Synonyms
Entity matching; Object deduplication; Record linkage; Reference reconciliation
Definition
Let \( \mathcal {E} \) denote a set of entities in a domain, described using a set of attributes \( {\mathcal {A}} \). Each entity \( E \in {\mathcal {E}} \) is associated with zero, one, or more values for each attribute \( A \in {\mathcal {A}} \). For each entity in \( {\mathcal {E}} \), there can be a set of records \( \mathcal {R} \), provided by one or more sources over the attributes \( {\mathcal {A}} \), where each record provides at most one value for an attribute. We consider atomic values (string, number, date, time, etc.) as attribute values, and allow multiple representations of the same value, as well as erroneous values, in records. Entity resolution takes as input the records provided by the sources and decides which records refer to the same entity; in particular, it computes a partitioning \( {\mathcal {P}} \) of \( {\mathcal {R}} \), such that records in each partition refer to the same entity, and records in different partitions refer to different entities.
Historical Background
The problem of entity resolution, originally identified by Newcombe et al. [1], was first formalized by Fellegi and Sunter [2]. Thereafter the problem has been extensively studied and a large number of approaches have been proposed. Notably, the literature on heterogeneous databases had focused on schema-centric approaches assuming a uniform representation of individual entities until the seminal paper [3], which addressed the entity-resolution problem as a core issue of data integration.
Early approaches for entity resolution focus on pairwise record matching, which consists of two components. The first component computes a vector of similarity scores for individual record pairs by comparing their attributes; a comprehensive survey can be found in [4]. The second component declares a candidate record pair as a match or non-match based on the similarity vector.
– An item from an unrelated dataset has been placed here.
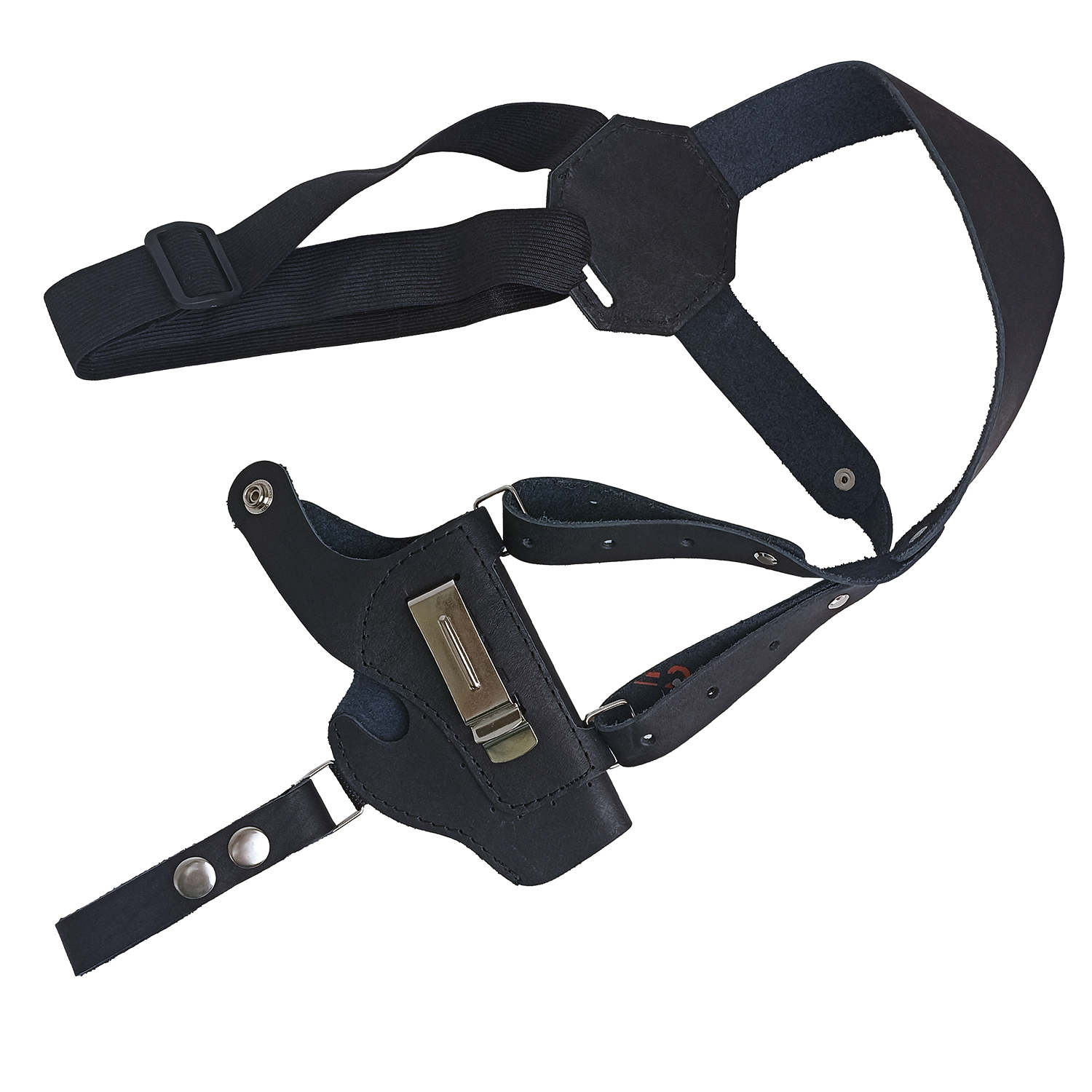 Оперативная кобура ПМ предназначена для скрытого наплечного ношения боевого пистолета Макарова, а так же других пистолетов сделанных на его основе. Фиксация кобуры на плече осуществляется с помощью вязаной резинки шириной 30 мм., с возможностью ее регулировки по длине, нижняя часть кобуры фиксируется на ремне брюк при помощи регулируемого по длине ремешка, для более точная подгонка кобуры по фигуре осуществляется перестановкой ременных винтов. Кобура изготавливается из 100 % натуральной кожи.

A variety of methods are proposed for this component, including rule-based methods [5], classification-based methods [6, 7], and distance-based methods [8].
Subsequent proposals focus on improving entity resolution by leveraging a global view of the data. First, clustering algorithms have been proposed to resolve inconsistent decisions for pairs of records (e.g., deciding a match between R1 and R2, a match between R2 and R3, and a non-match between R1 and R3); a comprehensive comparison of these methods can be found in [9]. Second, collective entity resolution was proposed for related entities of multiple types; entity relationships such as co-author and co-citation are considered when computing record similarity [10]. Third, constraints for the entity domain were considered as extra evidence for reconciliation [11]. Fourth, new approaches have been proposed to reconcile entities being aware of possible value varieties, such as incorrect values [12] and evolving values [13].
To complement the previously described approaches that focus on improving the effectiveness of entity resolution, strategies have been proposed to improve efficiency and scalability of entity resolution, such as Canopy [14]. This thread has been revived recently for big data management, where algorithms have been proposed for load-balancing in a MapReduce based framework [15], for incremental entity resolution [16], and so on.
Scientific Fundamentals
Entity resolution consists of three steps: blocking, pairwise matching, and clustering. Among them, pairwise matching and clustering are used to ensure the semantics of entity resolution, while blocking is used to achieve scalability.
Pairwise Matching
The basic step of entity resolution is pairwise matching, which compares a pair of records and makes a local decision of whether or not they refer to the same entity. A variety of techniques have been proposed for this step.
Rule-based approaches [5, 17] have been commonly used for this step in practice, and apply domain knowledge to make the local decision. The advantage of this approach is that the rules can be tailored to effectively deal with complex matching scenarios. However, a significant disadvantage of this approach is that it requires considerable domain knowledge as well as knowledge about the data to formulate the pairwise matching rules, rendering it infeasible when the domain and the data exhibit considerable heterogeneity.
Classification-based approaches have also been used for this step since the seminal paper by Fellegi and Sunter [2], wherein a classifier is built using positive and negative training examples, and the classifier decides whether a pair of records is a match or a non-match; it is also possible for the classifier to output a “possible match”, in which case the local decision is turned over to a human. Such classification-based machine learning approaches have the advantage that they do not require significant domain knowledge, but only knowledge of whether a pair of records in the training data refers to the same entity or not. A disadvantage of this approach is that it often requires a large number of training examples to accurately train the classifier, though active learning based variations [7] are often effective at reducing the volume of training data that is needed.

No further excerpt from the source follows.